When Dr. Arthur J. Simental launched a Kickstarter campaign in October 2024 for a board game about wildfire emergency response, he expected modest interest from fellow emergency management professionals. Instead, the campaign hit its funding goal within three hours and ultimately raised $184,000 over 60 days.
That game, Emergency Operations Center – Wildfire Mayhem, became the foundation of EM Disaster Gaming, a company that has since sold over 3,000 games to first responders, emergency management agencies, military units, and educational institutions across the U.S. and 25 countries.
The concept fills an unusual gap in professional training. While military forces have used wargames for strategic planning since the 19th century, civilian emergency management has lacked similar commercially available tools. Simental, a Certified Emergency Manager with 16 years of field experience including deployment to the Waldo Canyon Fire, designed his disaster response training games to bring the same immersive planning exercises to homeland security and emergency management.

From Prototype to Publisher
What started as a single wildfire scenario has expanded into a series covering hurricanes, train derailments, hazmat incidents, and counter-terrorism situations. The Emergency Operations Center Wargame Series targets professional emergency managers, but playtesters have included both seasoned disaster management professionals and complete novices.

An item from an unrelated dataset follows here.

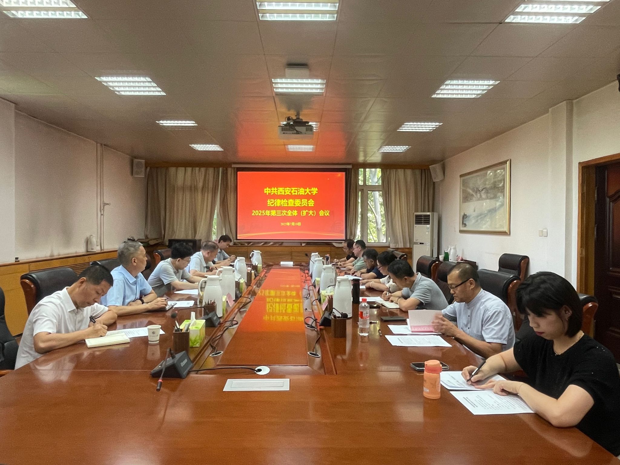 7月18日上午,学校纪委在雁塔校区办公楼五楼会议室召开2025年第三次纪委会(扩大)会议。校党委副书记、纪委书记、监察专员王辉强主持会议并讲话。校纪委委员、纪检监察和巡察干部参加会议。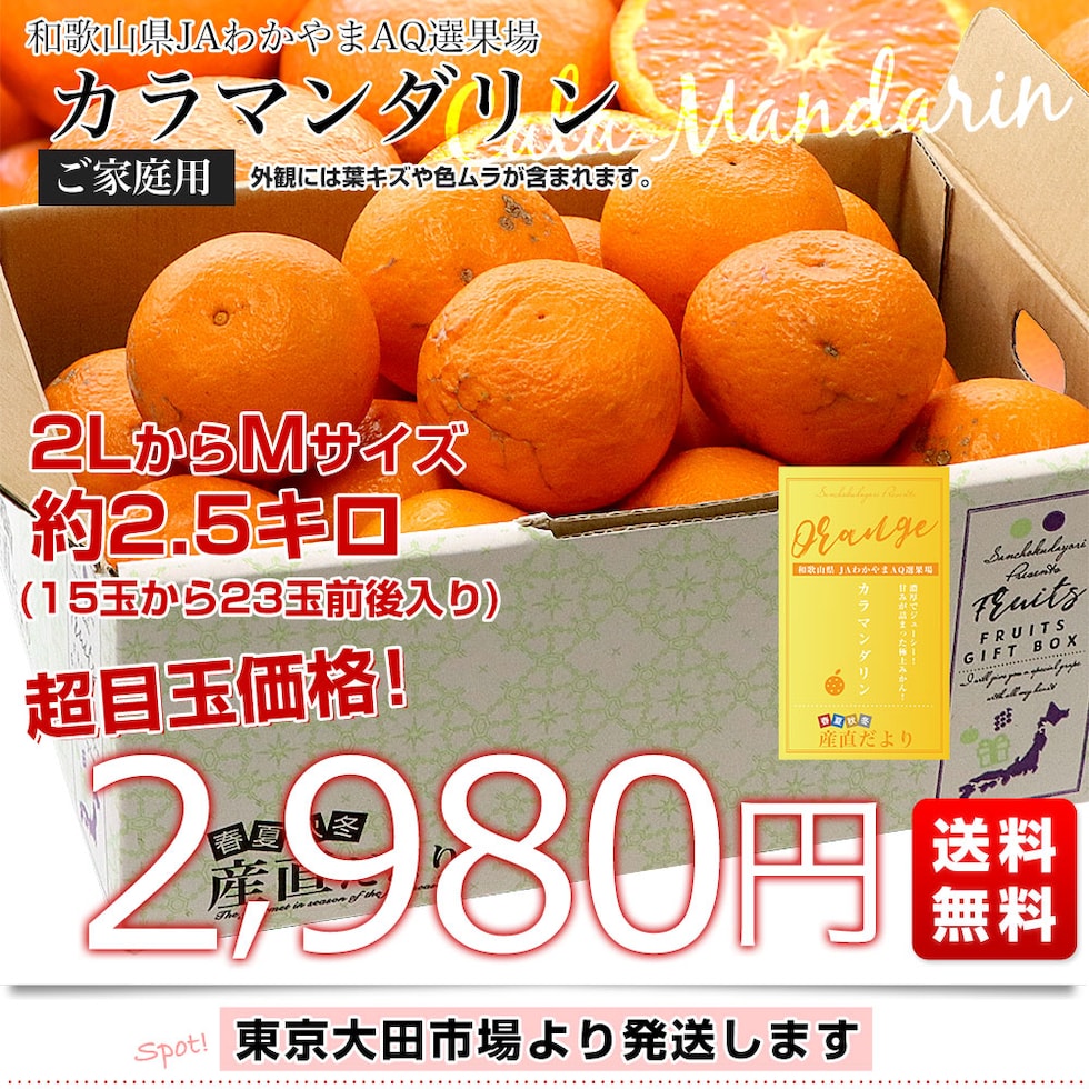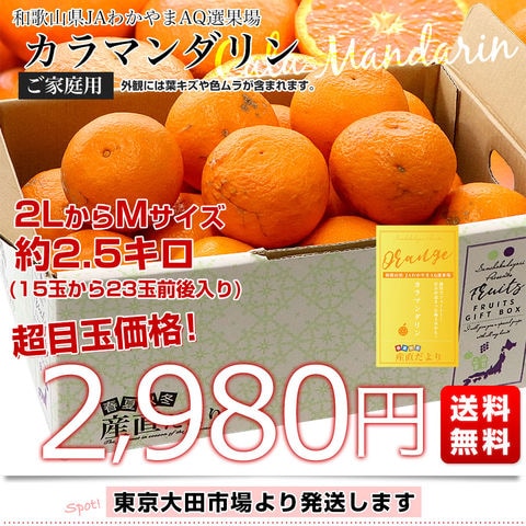 和歌山県 JAわかやまAQ選果場 カラマンダリン ご家庭用 約2.5キロ 2LからMサイズ (15玉から23玉前後) 送料無料 柑橘 みかん

EM Disaster Gaming has evolved beyond its own titles to become a publisher for other disaster-focused games. Partnerships with subject matter experts have produced offerings like Empathy Cue, a crisis communications training card game, and StormHaven – Maw of Zephryos, a Dungeons & Dragons-style scenario. The company also sells home preparedness games and mass care shelter simulations.

Training Real Agencies on Real Problems
The company’s client list reads like a directory of federal emergency response: DHS, FEMA, NATO, the National Guard, and various military branches. Simental also consults directly with agencies to create custom emergency preparedness simulations for specific scenarios, from base drone incursions for the Air Force to civil-military mobilization exercises involving tanks and bridges for NATO.
Beyond selling games, EM Disaster Gaming operates a Disaster Gaming Academy offering training courses and is partnering with colleges and universities to develop curriculum for academic credit. The company’s branding deliberately echoes World War II Civil Defense imagery, connecting modern emergency management to its historical roots.
Simental, who also serves as a professor and researcher, compares his work to Thomas Schelling’s Berlin Crisis wargame, which helped U.S. leadership navigate the Cuban Missile Crisis. Schelling later won a Nobel Prize in Economics. It’s an ambitious benchmark, but with disaster management board games now being used by emergency agencies worldwide, the comparison might not be entirely far-fetched. Simental has stated his ultimate goal is developing disaster wargaming systems for FEMA leadership, the National Security Council, Congress, and the White House.